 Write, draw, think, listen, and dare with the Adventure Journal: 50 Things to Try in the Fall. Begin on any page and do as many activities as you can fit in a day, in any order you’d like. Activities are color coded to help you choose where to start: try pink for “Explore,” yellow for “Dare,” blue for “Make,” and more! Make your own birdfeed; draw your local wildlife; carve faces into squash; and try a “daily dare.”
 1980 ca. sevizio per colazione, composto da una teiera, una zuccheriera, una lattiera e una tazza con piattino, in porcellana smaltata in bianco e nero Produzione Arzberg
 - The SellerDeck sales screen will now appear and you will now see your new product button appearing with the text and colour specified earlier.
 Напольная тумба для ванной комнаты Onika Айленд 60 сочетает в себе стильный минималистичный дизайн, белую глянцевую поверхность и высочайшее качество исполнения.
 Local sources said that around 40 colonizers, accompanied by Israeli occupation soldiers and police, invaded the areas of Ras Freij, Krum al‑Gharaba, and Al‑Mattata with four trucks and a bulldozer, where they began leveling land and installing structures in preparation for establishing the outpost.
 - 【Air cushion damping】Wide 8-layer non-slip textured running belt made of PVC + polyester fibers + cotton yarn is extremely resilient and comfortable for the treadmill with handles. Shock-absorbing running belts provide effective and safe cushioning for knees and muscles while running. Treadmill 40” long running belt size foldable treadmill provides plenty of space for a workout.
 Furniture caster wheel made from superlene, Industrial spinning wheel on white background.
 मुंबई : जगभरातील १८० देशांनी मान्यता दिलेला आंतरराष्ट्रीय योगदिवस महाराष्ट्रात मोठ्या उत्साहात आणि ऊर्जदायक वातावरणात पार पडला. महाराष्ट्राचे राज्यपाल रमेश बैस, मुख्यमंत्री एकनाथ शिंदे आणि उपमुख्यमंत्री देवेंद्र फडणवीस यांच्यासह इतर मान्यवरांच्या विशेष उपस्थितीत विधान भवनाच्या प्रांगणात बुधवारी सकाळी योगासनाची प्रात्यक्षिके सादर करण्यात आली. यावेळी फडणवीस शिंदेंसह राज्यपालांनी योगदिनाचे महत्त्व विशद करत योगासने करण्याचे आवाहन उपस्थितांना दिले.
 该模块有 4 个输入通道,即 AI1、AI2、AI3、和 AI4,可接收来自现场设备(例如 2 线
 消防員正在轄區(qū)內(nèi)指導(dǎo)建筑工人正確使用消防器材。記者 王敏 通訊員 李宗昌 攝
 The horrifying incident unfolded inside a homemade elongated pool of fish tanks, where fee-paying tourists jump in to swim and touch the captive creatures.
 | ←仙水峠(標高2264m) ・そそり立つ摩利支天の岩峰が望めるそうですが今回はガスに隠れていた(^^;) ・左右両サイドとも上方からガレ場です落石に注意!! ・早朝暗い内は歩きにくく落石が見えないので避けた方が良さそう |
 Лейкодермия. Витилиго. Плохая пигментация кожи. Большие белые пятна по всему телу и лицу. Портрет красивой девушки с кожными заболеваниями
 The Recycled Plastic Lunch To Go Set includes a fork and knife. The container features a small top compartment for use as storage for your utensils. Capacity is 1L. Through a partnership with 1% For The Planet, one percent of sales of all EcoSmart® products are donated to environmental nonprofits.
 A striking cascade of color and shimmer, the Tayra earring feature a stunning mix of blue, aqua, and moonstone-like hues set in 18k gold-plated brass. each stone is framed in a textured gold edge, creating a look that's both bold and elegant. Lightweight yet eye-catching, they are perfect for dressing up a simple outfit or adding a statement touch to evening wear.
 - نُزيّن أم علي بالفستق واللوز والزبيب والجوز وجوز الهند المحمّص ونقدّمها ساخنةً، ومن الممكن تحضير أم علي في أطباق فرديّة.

* * *

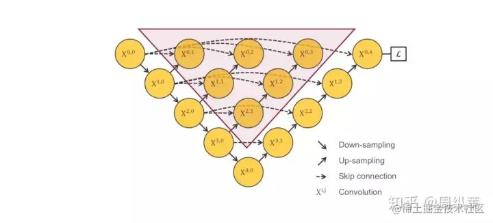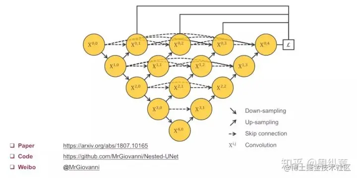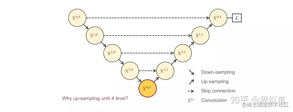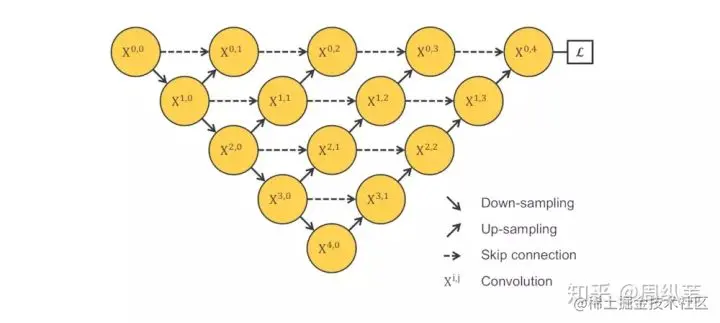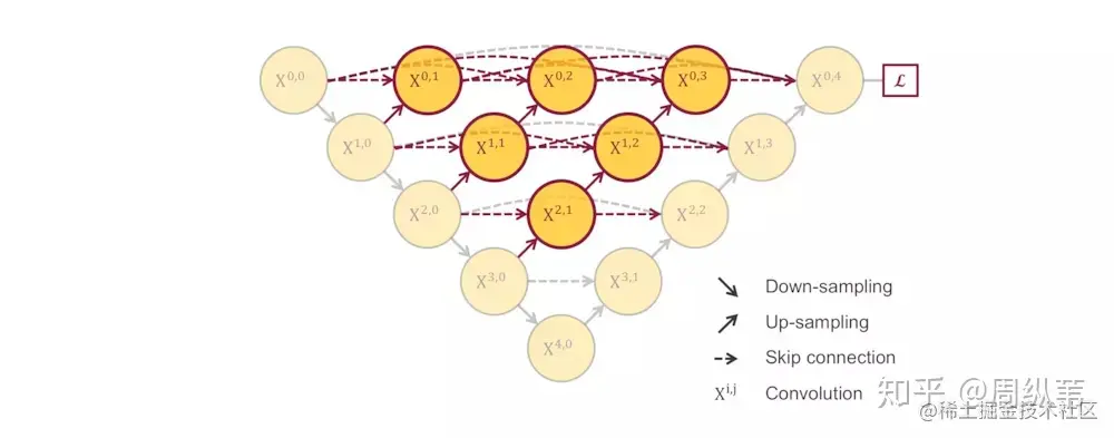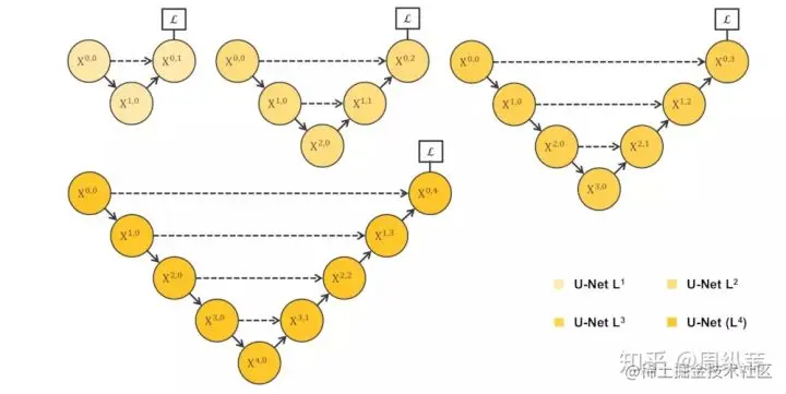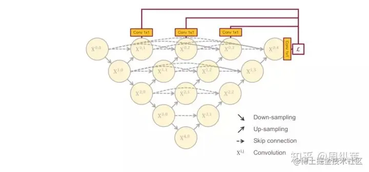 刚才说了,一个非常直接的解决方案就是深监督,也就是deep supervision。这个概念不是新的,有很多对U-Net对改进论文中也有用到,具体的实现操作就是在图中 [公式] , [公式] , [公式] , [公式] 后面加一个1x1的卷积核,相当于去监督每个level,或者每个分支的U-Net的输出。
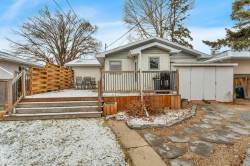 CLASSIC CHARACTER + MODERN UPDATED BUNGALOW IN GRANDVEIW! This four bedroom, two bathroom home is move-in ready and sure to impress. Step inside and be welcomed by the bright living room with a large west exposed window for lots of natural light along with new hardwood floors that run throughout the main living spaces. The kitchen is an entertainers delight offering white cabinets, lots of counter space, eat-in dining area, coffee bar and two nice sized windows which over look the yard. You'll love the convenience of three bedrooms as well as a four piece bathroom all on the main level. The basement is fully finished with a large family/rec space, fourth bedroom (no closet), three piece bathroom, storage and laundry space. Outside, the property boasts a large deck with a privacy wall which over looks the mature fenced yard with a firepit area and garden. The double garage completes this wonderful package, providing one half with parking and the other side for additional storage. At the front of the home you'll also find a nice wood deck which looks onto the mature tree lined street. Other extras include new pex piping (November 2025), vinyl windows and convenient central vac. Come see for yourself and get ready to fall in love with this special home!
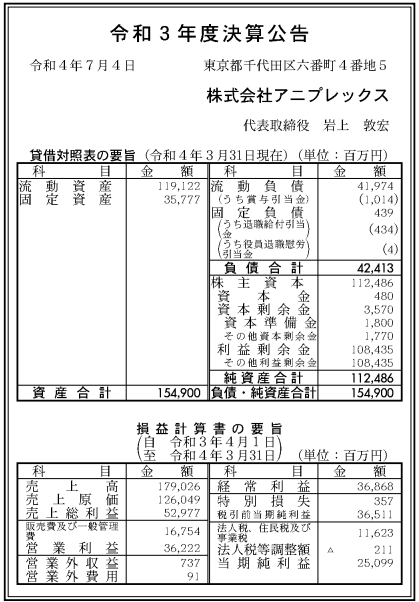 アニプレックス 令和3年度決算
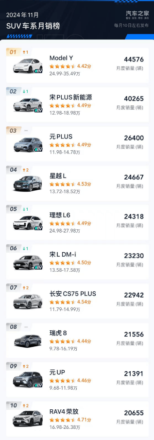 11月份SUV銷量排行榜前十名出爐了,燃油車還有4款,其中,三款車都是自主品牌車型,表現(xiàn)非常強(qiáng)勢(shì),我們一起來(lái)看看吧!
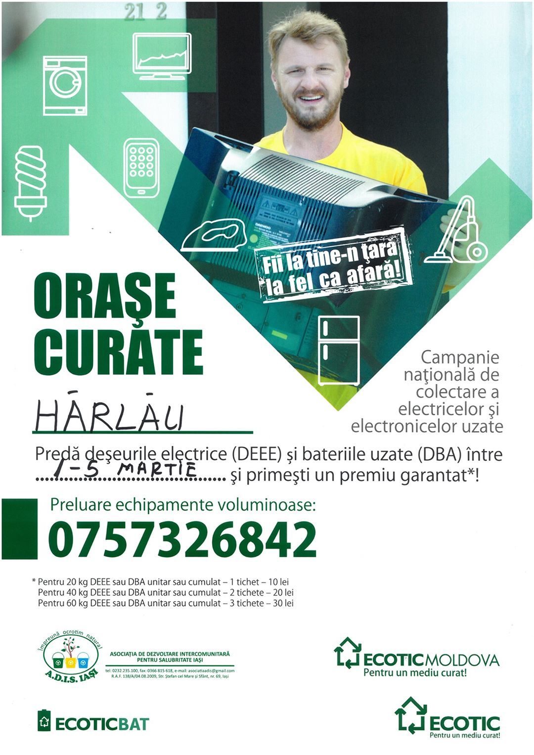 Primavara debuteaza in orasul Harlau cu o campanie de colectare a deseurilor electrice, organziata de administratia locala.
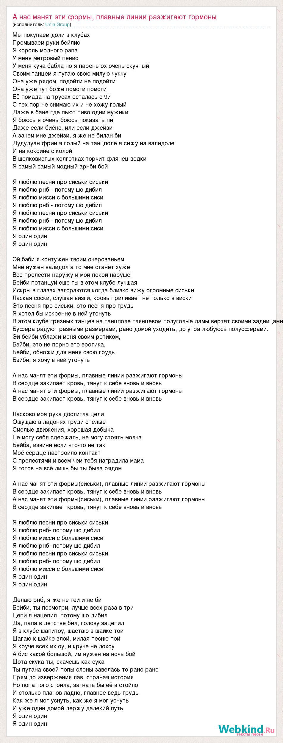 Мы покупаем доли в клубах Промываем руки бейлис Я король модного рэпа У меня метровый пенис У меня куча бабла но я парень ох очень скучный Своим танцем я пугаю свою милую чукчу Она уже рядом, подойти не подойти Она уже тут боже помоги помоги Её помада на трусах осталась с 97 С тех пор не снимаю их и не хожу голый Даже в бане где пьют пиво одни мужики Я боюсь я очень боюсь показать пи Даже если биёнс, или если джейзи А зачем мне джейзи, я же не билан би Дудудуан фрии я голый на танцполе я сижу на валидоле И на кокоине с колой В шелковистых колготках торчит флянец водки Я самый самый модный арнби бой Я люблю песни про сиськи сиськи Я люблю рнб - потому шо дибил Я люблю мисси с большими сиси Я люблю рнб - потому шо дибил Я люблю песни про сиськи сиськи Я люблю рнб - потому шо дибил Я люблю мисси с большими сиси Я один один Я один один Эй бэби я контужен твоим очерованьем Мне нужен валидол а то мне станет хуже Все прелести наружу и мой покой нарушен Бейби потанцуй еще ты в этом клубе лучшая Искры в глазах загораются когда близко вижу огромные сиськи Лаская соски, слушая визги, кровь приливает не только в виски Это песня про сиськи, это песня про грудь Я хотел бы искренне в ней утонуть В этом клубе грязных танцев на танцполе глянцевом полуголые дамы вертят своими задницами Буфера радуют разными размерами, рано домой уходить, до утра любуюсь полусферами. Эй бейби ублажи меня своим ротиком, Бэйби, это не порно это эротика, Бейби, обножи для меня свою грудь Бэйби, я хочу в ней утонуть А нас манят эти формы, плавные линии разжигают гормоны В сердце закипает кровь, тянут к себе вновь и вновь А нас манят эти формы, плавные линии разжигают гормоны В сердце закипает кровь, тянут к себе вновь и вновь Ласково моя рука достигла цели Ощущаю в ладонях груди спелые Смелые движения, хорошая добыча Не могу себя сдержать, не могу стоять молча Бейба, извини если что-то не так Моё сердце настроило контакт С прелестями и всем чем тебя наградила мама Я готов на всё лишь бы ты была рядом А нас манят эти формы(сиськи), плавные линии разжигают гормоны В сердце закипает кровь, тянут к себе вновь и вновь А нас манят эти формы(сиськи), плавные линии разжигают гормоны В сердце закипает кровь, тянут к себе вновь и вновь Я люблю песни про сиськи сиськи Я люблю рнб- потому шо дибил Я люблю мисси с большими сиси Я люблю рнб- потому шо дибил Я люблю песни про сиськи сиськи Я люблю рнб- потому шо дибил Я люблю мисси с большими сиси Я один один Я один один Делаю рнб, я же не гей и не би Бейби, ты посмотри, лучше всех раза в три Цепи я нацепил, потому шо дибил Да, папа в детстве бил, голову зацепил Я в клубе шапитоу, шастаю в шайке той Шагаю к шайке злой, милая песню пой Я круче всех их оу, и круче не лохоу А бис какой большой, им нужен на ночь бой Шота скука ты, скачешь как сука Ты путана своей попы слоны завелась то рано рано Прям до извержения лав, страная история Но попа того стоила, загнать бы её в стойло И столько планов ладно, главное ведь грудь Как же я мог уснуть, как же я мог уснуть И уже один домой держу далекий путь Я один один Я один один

==

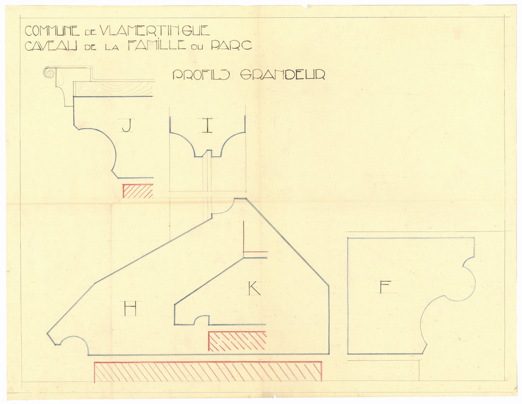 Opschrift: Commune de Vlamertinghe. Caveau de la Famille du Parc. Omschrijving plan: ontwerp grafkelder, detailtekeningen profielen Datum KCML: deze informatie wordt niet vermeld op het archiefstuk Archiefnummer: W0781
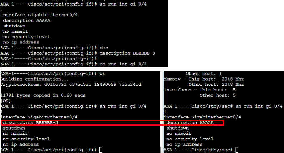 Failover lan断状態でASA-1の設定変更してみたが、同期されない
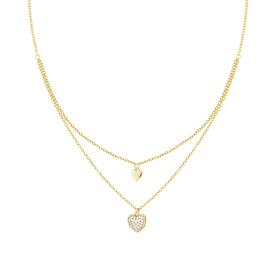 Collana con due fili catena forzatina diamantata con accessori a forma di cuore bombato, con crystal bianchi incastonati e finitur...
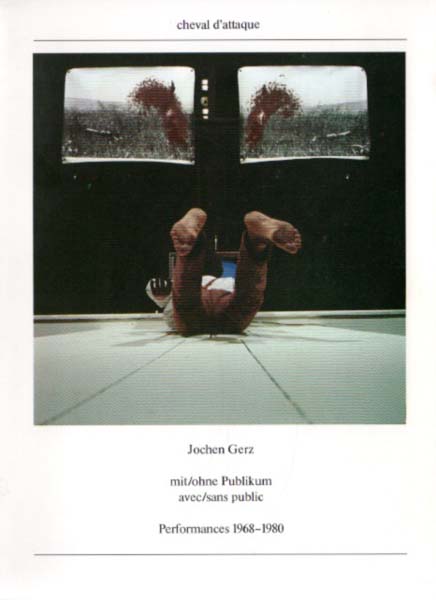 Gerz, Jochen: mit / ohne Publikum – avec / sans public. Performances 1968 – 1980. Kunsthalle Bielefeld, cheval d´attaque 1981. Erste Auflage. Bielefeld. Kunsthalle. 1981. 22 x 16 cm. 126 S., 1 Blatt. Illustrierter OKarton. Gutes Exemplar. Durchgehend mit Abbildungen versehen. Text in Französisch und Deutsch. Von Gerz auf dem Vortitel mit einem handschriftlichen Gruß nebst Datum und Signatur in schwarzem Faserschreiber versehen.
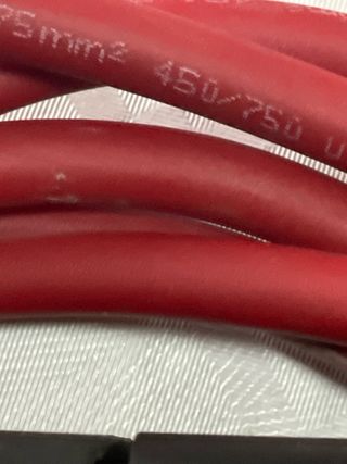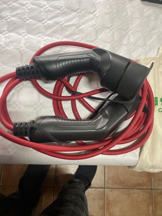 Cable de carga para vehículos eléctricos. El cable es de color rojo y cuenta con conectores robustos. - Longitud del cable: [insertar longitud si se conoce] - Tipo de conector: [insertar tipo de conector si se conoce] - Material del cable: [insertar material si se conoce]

#### TASK DETAILS:
The lines to return are those holding the string "textured" anywhere in the listing above.

#### SOLUTION FOR THIS PROBLEM:
 - 【Air cushion damping】Wide 8-layer non-slip textured running belt made of PVC + polyester fibers + cotton yarn is extremely resilient and comfortable for the treadmill with handles. Shock-absorbing running belts provide effective and safe cushioning for knees and muscles while running. Treadmill 40” long running belt size foldable treadmill provides plenty of space for a workout.
 A striking cascade of color and shimmer, the Tayra earring feature a stunning mix of blue, aqua, and moonstone-like hues set in 18k gold-plated brass. each stone is framed in a textured gold edge, creating a look that's both bold and elegant. Lightweight yet eye-catching, they are perfect for dressing up a simple outfit or adding a statement touch to evening wear.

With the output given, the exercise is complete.